History

Great Britain
- Name: Sovereign
- Builder: Edward Mosley, Howdon
- Launched: 1789
- Fate: Wrecked 22 January 1804

General characteristics
- Tons burthen: 382, or 395, or 430 (bm)
- Complement: 49
- Armament: 1803:8 × 4&12-pounder guns; 1804:10 guns + 2 × 12-pounder carronades;

= Sovereign (1789 ship) =

Sovereign was launched at Newcastle in 1789. She traded between London and South Carolina and then as a transport. In 1802 she became a Guineaman, i.e., a slave ship, in the triangular trade in enslaved people. She wrecked on 22 January 1804, as she was returning from the West Indies where she had landed her captives at Trinidad.

==Career==
Sovereign first appeared in Lloyd's Register (LR) in 1789.

| Year | Master | Owner | Trade | Source |
|---|---|---|---|---|
| 1789 | J.Benn | Brown | London–South Carolina | LR |

On 19 November 1791 as Sovereign was returning to London, she came across a brig on her side at . The brig had been abandoned and a strong wind was causing the seas to break over her. Sovereign arrived in the Downs on 26 November.

Lloyd's List reported on 14 November 1794, that Sovereign, Benn, master, was one of seven transports that had sailed to Toulon from Corsica as cartels, carrying prisoners. The transports were presumably carrying prisoners from the British capture of Corsica. When the vessels arrived at Toulon, the French detained them.

| Year | Master | Owner | Trade | Source |
|---|---|---|---|---|
| 1795 | J.Benn | Brown | London–South Carolina | LR |
| 1800 | Balmano | Brown & Co. | London transport | LR |
| 1802 | Balmano J.Ward | Brown & Co. | London transport London–Africa | LR |

Voyage transporting enslaved people (1802–Loss): Captain John Ward sailed from London on 7 November 1802. In 1802, 155 vessels sailed from English ports to Africa to acquire and transport enslaved people; 15 of these vessels sailed from London.

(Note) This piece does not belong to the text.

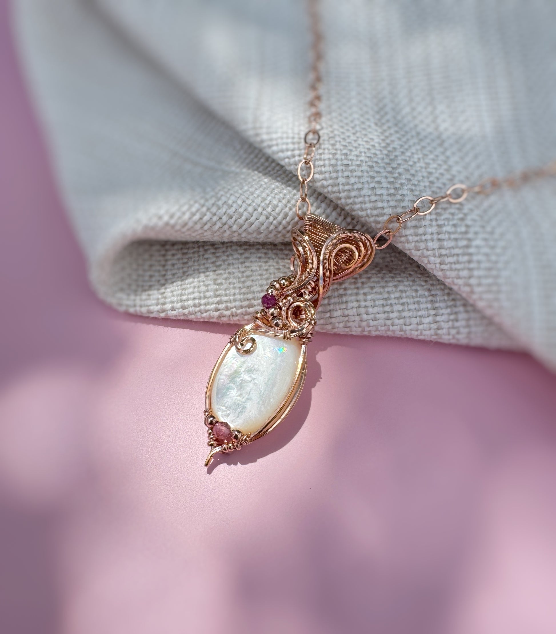 Pearl, Ruby & Pink Tourmaline Necklace in 14k Rose Gold Filled

Sovereign acquired captives at Bonny. Ward was issued a letter of marque on 2 July 1803, but by that time he was dead. Lloyd's List (LL) reported on 3 September 1803, that Sovereign, late Ward, had arrived at Suriname from Africa and was bound for Trinidad. Ward had died while Sovereign was in Africa. She arrived at Trinidad on 22 July 1803 with 319 captives.

==Fate==
On 22 January 1804, Sovereign, B.Richardson, master, struck the Smith's Rocks, a submerged reef in the Irish Sea off Ballycotton, County Cork. She was about a mile from shore as she was coming from Trinidad and Tortola to London. She foundered within 10 minutes of striking the rock with most on board drowning. Casualty counts differed by report. One stated that eight of 37 people on board were saved. Another stated that 31 of the 40 people on board were lost. A third stated nine out of 35 were saved. Four of the people on board were passengers, three or four of whom were saved. She was carrying sugar, coffee, indigo, hides, and elephants' teeth (ivory).

By one account, five local men, led by a Dennis Flinn, took a boat out. Because of the weather, it took them several hours to reach the wreck even though it was not far away. When they reached the wreck they were able to rescue five men who had taken to one of her masts. Shortly thereafter, the mast fell overboard. When the weather abated, people on shore launched boats to retrieve whatever flotsam they could, to secret it.

In 1804, some 30 British vessels in the triangular trade were lost. At least one of these was lost on the homeward leg of her voyage. During the period 1793 to 1807, war, rather than maritime hazards or resistance by the captives, was the greatest cause of vessel losses among British enslaving vessels.